▶ [Records from a data source]:

::::

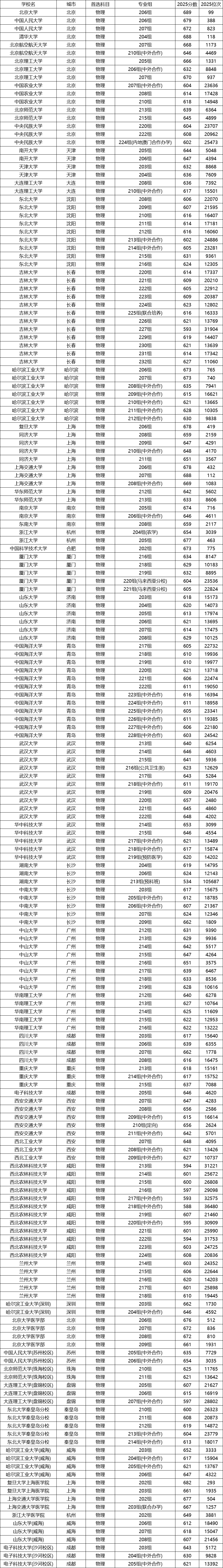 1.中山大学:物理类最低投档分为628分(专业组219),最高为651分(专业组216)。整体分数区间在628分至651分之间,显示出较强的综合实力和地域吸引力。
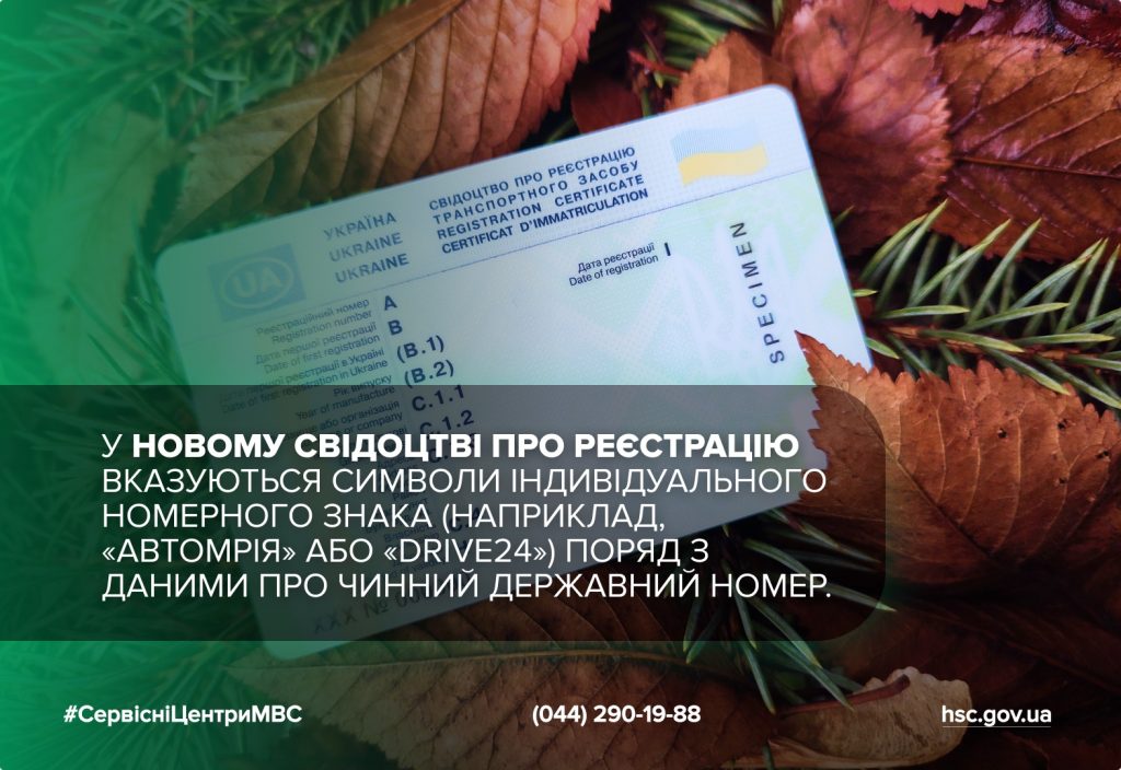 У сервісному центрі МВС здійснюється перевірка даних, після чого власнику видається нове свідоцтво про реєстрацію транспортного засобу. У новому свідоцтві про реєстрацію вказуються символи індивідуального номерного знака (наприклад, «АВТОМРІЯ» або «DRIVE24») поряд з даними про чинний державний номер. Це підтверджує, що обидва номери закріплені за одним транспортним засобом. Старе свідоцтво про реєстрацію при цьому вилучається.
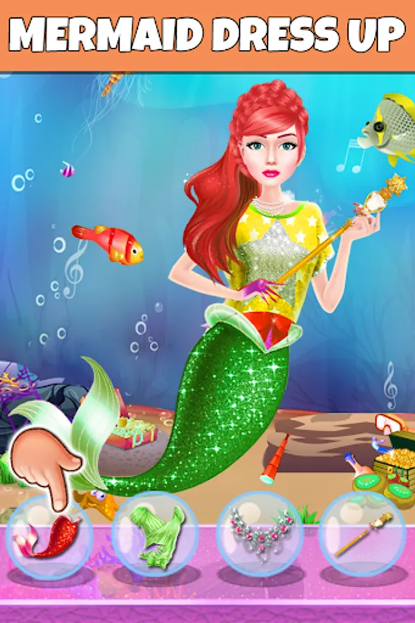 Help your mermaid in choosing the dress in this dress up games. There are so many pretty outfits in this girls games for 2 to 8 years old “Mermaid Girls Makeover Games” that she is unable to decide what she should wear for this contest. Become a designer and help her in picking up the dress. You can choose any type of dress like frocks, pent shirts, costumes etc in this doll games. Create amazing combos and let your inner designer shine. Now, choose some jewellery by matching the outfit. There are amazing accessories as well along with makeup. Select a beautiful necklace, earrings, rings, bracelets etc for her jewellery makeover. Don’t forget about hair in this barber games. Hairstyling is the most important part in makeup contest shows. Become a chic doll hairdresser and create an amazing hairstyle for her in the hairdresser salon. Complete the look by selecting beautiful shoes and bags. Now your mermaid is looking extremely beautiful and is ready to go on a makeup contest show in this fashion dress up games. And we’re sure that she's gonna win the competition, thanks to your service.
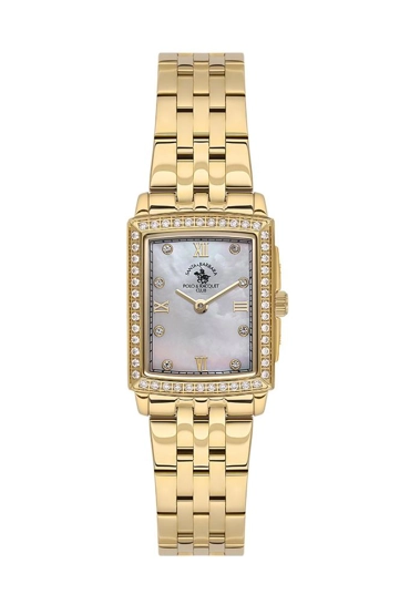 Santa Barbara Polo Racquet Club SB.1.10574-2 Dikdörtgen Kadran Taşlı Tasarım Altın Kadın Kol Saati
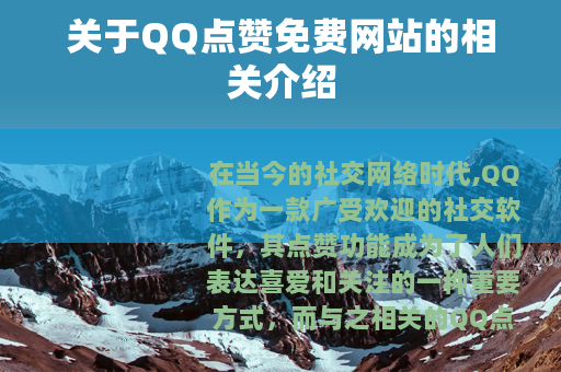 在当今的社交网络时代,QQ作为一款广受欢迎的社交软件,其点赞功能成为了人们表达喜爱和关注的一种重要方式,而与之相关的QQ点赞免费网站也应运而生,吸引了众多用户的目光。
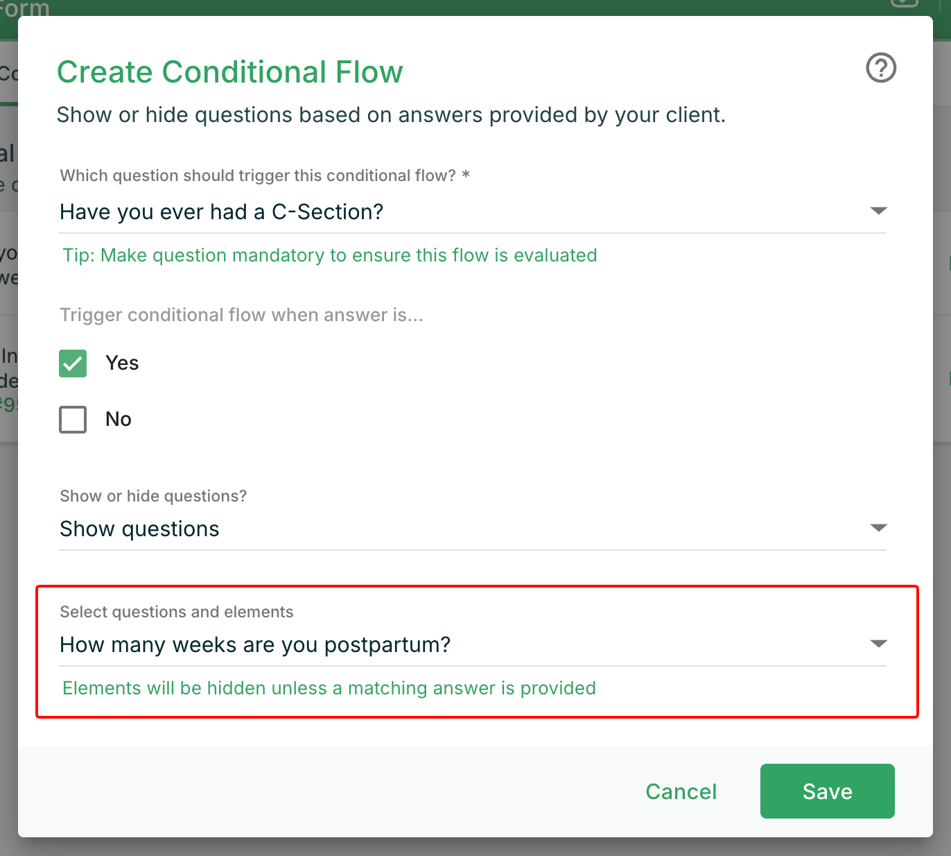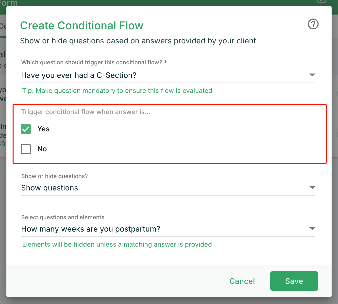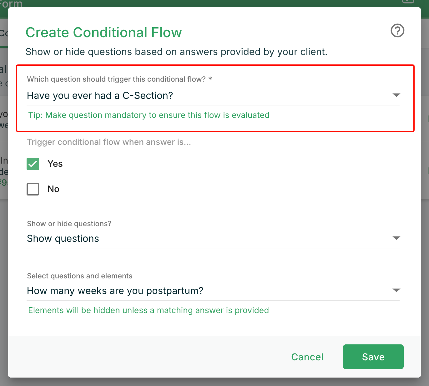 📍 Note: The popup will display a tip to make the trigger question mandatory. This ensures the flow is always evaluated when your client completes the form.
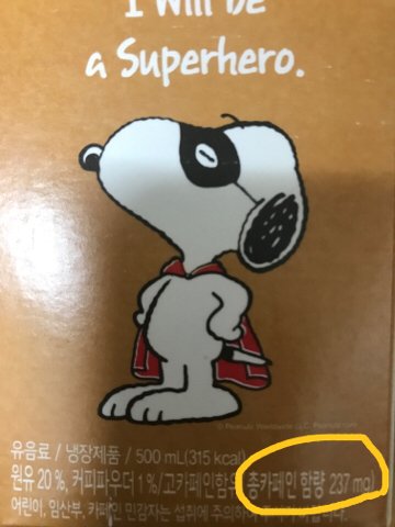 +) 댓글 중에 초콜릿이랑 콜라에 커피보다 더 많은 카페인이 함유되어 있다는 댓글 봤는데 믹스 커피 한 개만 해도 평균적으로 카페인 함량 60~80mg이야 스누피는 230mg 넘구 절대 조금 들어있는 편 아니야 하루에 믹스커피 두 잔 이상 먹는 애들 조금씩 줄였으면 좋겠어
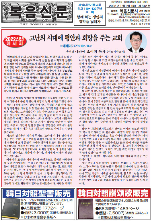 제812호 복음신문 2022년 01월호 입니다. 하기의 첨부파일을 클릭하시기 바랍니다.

::::

▶ [TASK STATEMENT]:
Restate the records above exactly, less any pictures.

▶ [ANSWER SPACE]:
 1.中山大学:物理类最低投档分为628分(专业组219),最高为651分(专业组216)。整体分数区间在628分至651分之间,显示出较强的综合实力和地域吸引力。
 У сервісному центрі МВС здійснюється перевірка даних, після чого власнику видається нове свідоцтво про реєстрацію транспортного засобу. У новому свідоцтві про реєстрацію вказуються символи індивідуального номерного знака (наприклад, «АВТОМРІЯ» або «DRIVE24») поряд з даними про чинний державний номер. Це підтверджує, що обидва номери закріплені за одним транспортним засобом. Старе свідоцтво про реєстрацію при цьому вилучається.
 Help your mermaid in choosing the dress in this dress up games. There are so many pretty outfits in this girls games for 2 to 8 years old “Mermaid Girls Makeover Games” that she is unable to decide what she should wear for this contest. Become a designer and help her in picking up the dress. You can choose any type of dress like frocks, pent shirts, costumes etc in this doll games. Create amazing combos and let your inner designer shine. Now, choose some jewellery by matching the outfit. There are amazing accessories as well along with makeup. Select a beautiful necklace, earrings, rings, bracelets etc for her jewellery makeover. Don’t forget about hair in this barber games. Hairstyling is the most important part in makeup contest shows. Become a chic doll hairdresser and create an amazing hairstyle for her in the hairdresser salon. Complete the look by selecting beautiful shoes and bags. Now your mermaid is looking extremely beautiful and is ready to go on a makeup contest show in this fashion dress up games. And we’re sure that she's gonna win the competition, thanks to your service.
 Santa Barbara Polo Racquet Club SB.1.10574-2 Dikdörtgen Kadran Taşlı Tasarım Altın Kadın Kol Saati
 在当今的社交网络时代,QQ作为一款广受欢迎的社交软件,其点赞功能成为了人们表达喜爱和关注的一种重要方式,而与之相关的QQ点赞免费网站也应运而生,吸引了众多用户的目光。
 📍 Note: The popup will display a tip to make the trigger question mandatory. This ensures the flow is always evaluated when your client completes the form.
 +) 댓글 중에 초콜릿이랑 콜라에 커피보다 더 많은 카페인이 함유되어 있다는 댓글 봤는데 믹스 커피 한 개만 해도 평균적으로 카페인 함량 60~80mg이야 스누피는 230mg 넘구 절대 조금 들어있는 편 아니야 하루에 믹스커피 두 잔 이상 먹는 애들 조금씩 줄였으면 좋겠어
 제812호 복음신문 2022년 01월호 입니다. 하기의 첨부파일을 클릭하시기 바랍니다.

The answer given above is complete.